How critical data visualisation is for the finance industry

October 24, 2022

Representing data using graphics like charts, animation and infographics are regarded as data visualisation. Visual displays and representing information in this manner help communicate complex data relationships and data-driven insights in a form that makes it simple to understand and determine a structured plan. The primary objective of data visualisation is to assist in recognising patterns and trends from large data sets.

There is a significant volume of data available today, and to generate any benefit from such considerable data, real-time analytics has become critical for all industries, including finance, to gain a competitive edge. The finance industry is experiencing a significant digital transformation and growing pressure to innovate. To achieve this digital transformation is delivered in various ways, and by leveraging data visualisation, the finance industry can utilise benefits like:

A more comprehensive view into customers’ behaviour and needs

Timely financial intelligence to make informed decisions

Enhanced client reports

Innovative fraud detection

Detailed view of risks across the entire business

Some data visualisation tools in the finance industry include:

Risk reporting and analytics – integrating a range of data sources into a singular source can be challenging. This is the case with banks when reporting risks and performance figures. The main challenge is generating reports that highlight the risk areas applicable to the industry, like market credit, operation risk and so on. Data visualisation is the ideal choice in these cases since data can be consolidated in real-time from multiple sources to create reports that can provide visual analysis. Data analytics can also enable quality data checks across sources to generate error-free reports.

-Client reporting and CRM – client relationship management systems and clients’ reports go together for the finance industry. CRMs provide and help improve relationships with customers. Client reports give finance businesses a complete overview of the customer, risk analysis and other things. Integrating big data and data analytics in real-time provides visual reports with clear information required to make informed decisions and support examining client spending patterns and other variables.

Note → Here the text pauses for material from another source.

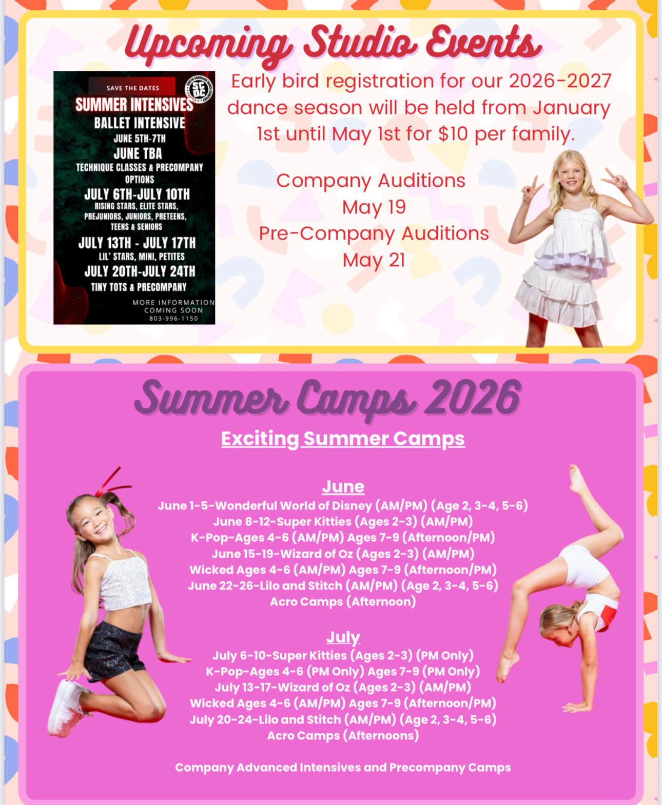 2026 Summer Camp registration is NOW OPEN! In the schedule below, our classes are listed by the type of camp genre. Please do not hesitate to contact us if you have any questions about our class schedule or if you can not find a class that suits your needs. We look forward to having you as a part of our SCDC family!

Managing liquidity – finance companies must manage liquidity effectively and have real-time access to all liquidity positions such as currency, locations and relevant products. It’s critical to compare financial figures against standard ratios on an ongoing real-time basis. 

Data visualisations make comparisons simpler by providing clear visual reports and risk analysis. Integrating data receipts from other sources provide detailed information to predict and analyse liquidity. 

Customer analysis – determining customer needs and behaviour is a critical part of the finance industry and helps businesses create new products and services to meet customer requirements. By empowering finance businesses to interact with their customers, data visualisation technology can provide them with relevant and modern information to offer financial products created to customer needs.

Integrating with social media – social media is a creative way for finance businesses to market products and improve their relationship with customers. This provides big data which can be integrated with CRM applications. Data visualisation tools can connect all data sources and provide data analytics is very important for these companies. 

Enhanced identification – using data visualisation, the visual results can be produced for any data without managing filters and sorting lots of details. A range of graphs and charts can be generated instantly to highlight specific details. 

Collaborating and sharing data – The reports produced can be shared with multiple teams, simplifying data sharing within a finance business. Teams can collaborate and work together, whether it’s in the exact location or not. 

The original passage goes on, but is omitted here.